The safe-haven metal has been somehow supported by elevated economic and geopolitical concerns
Gold prices were mostly pressured this week, struggling to hold above $1,850 amid the rallying dollar. Still, the safe-haven metal has been somehow supported by elevated economic and geopolitical concerns. Should those worries abate, the bullion could suffer a sharp decline from the current levels.
The XAUUSD pair briefly climbed to $1,875 last week but failed to preserve the upside momentum and retreated back to the flat-line. At this stage, gold prices struggle around the 20-SMA, also holding just above the 200-DMA that has been capping losses these days. Should this moving average, today at $1,842, give up, the yellow metal may see a deeper drop towards $1,830 in the near term.
Now, the market focus shifts to the upcoming US CPI report that will provide fresh hints on the Fed’s rate hike guidance. As such, gold prices will be affected by the release through the dollar’s reaction. Should the figures exceed expectations, the greenback will rally across the market, thus pressuring gold further.

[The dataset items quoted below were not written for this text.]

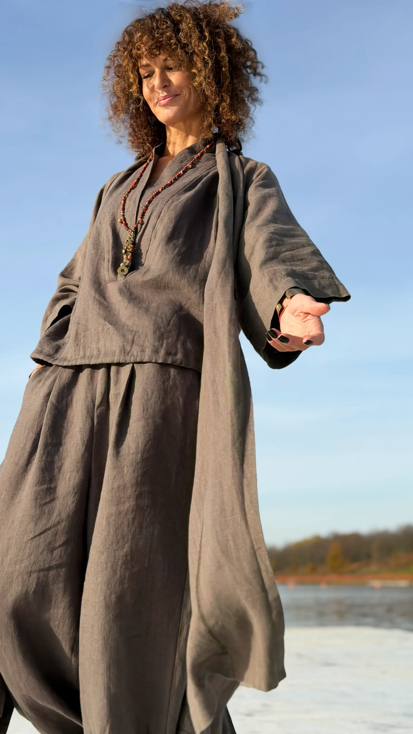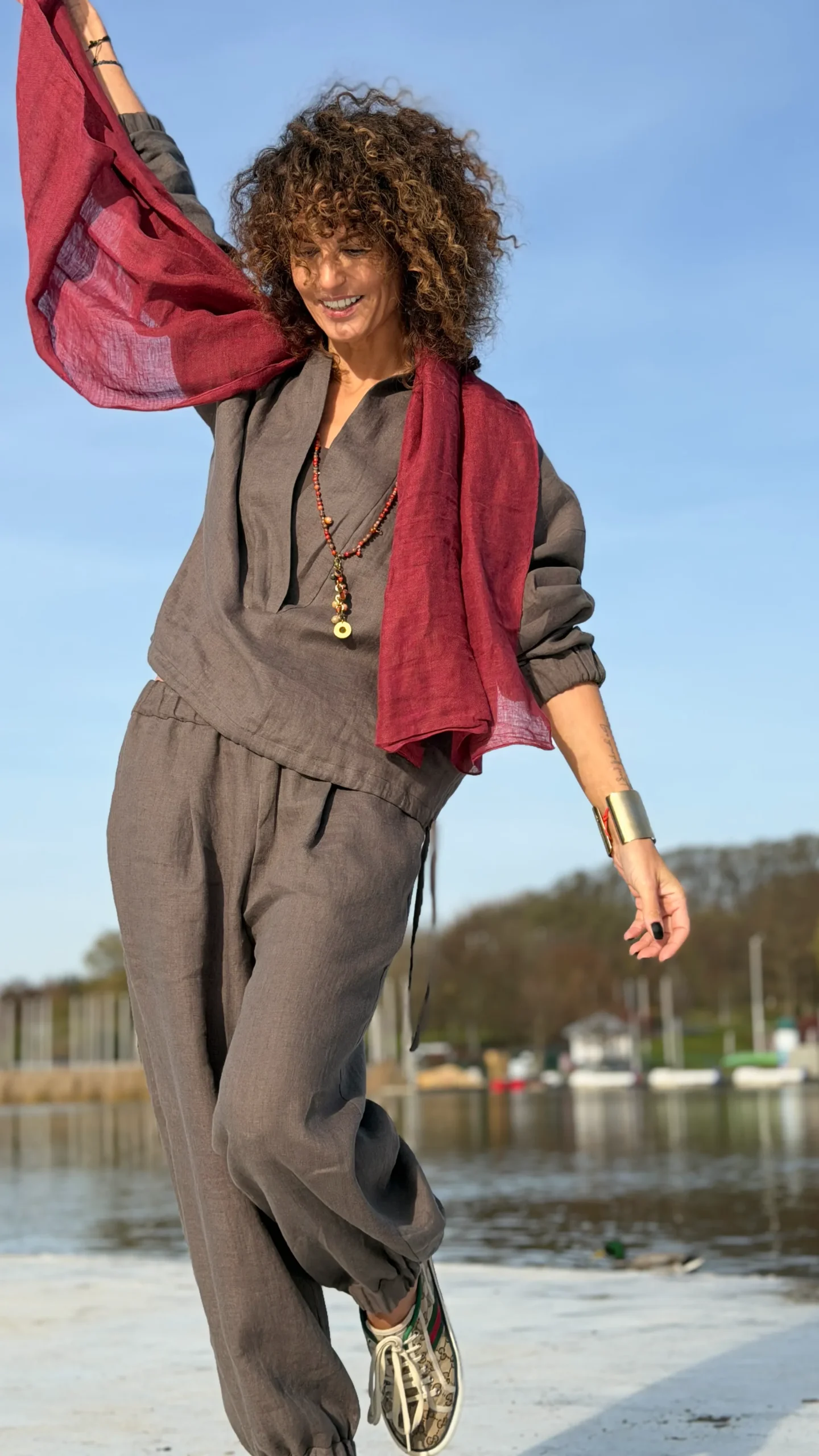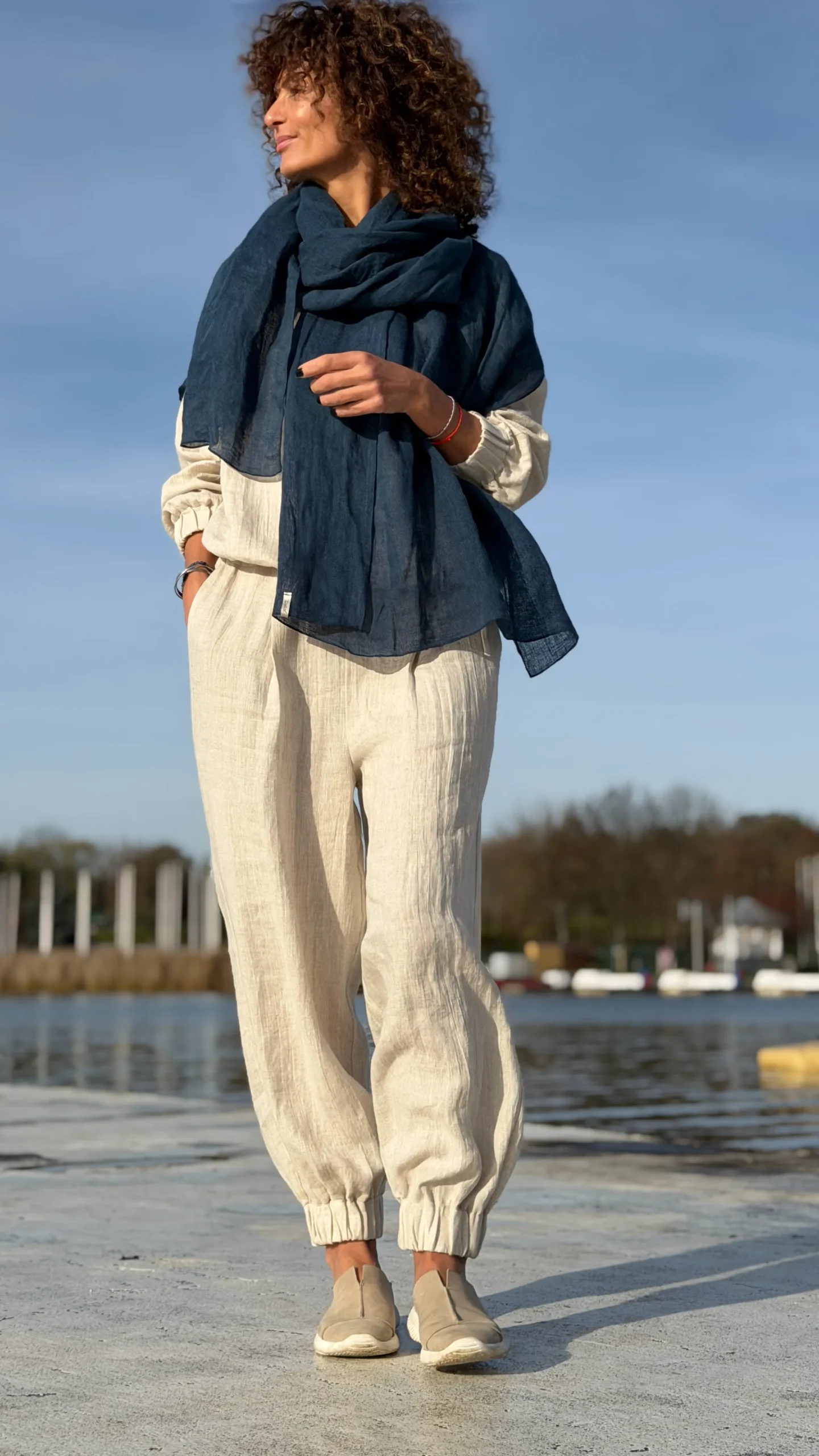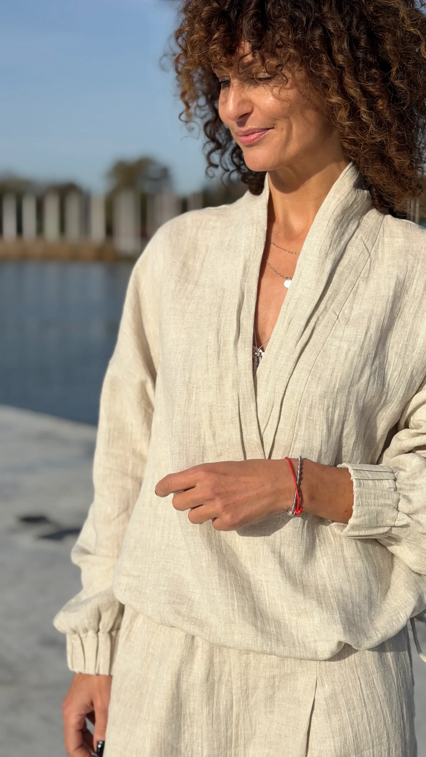 Trainingsanzug aus Leinen mit Ausschnitt:
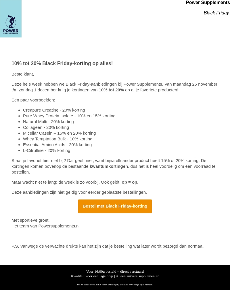 Ontdek de geweldige Black Friday-kortingen bij Power Supplements. Deze week kun je besparen tussen de 10% en 20% op producten zoals Creatine, Collageen en meer. Mis deze kans niet om je favoriete supplementen met korting in te slaan. De kortingen zijn geldig van 25 november tot 1 december. OP = OP!
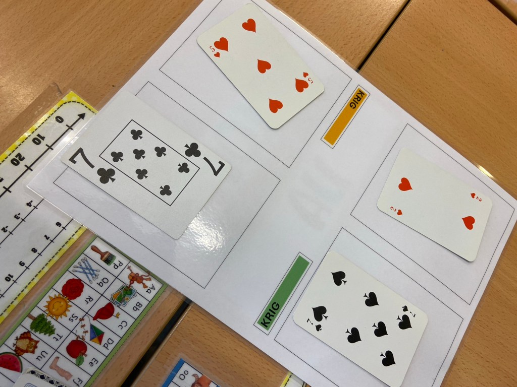Spille krig september 17, 2024brittstips Vi øver på addisjon og i dag startet vi timen med å spille krig. Elevene jobbet med læringspartner og trakk to kort hver. Den som fikk den høyeste summen, vant runden. Del dette: Klikk for å dele på X(åpnes i en ny fane) X Klikk for å dele på Facebook(åpnes i en ny fane) Facebook Lik Laster inn...
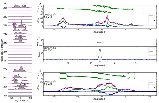紧接着,研究团队又对这颗脉冲星进行了两个小时的验证观测,获取了一百多个矮脉冲。这些脉冲在脉冲强度和宽度的分布上与正常脉冲有明显的区别,它们构成为一个独立的辐射族群。同时,FAST对这些矮脉冲进行了精确的偏振测量。结果表明,与正常脉冲相比,矮脉冲辐射区域的磁层结构基本没有改变,但矮脉冲更容易在高频波段流量变得很强。
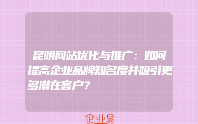 - 昆明网站优化与推广:如何提高企业品牌知名度并吸引更多潜在客户?
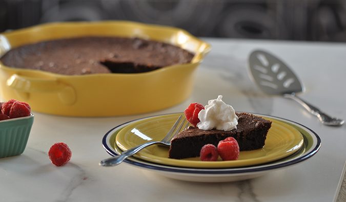 This luscious chocolate dessert is like a fudgy brownie in a pie shape. It’s easy to whip up—and absolutely delicious! Serve it warm with a whipped topping or your favorite vanilla ice cream or frozen dessert. For best results, do not replace the eggs in this recipe.

In a wider picture, the bullion remains vulnerable as well, but rising economic concerns will continue to cap the downside. On the weekly charts, XAUUSD keeps flirting with the 100-SMA since last month, with the key support arriving at $1,830, followed by the $1,800 handle and mid-May lows in the $,785 zone.
The dollar itself has settled above the 103.00 figure after yesterday’s rally that was triggered by a plunge in the euro in the aftermath of the ECB meeting. Equity markets also came under pressure as the central bank expressed a more hawkish view of its monetary policy, making investors worried about the state of the struggling Eurozone’s economy.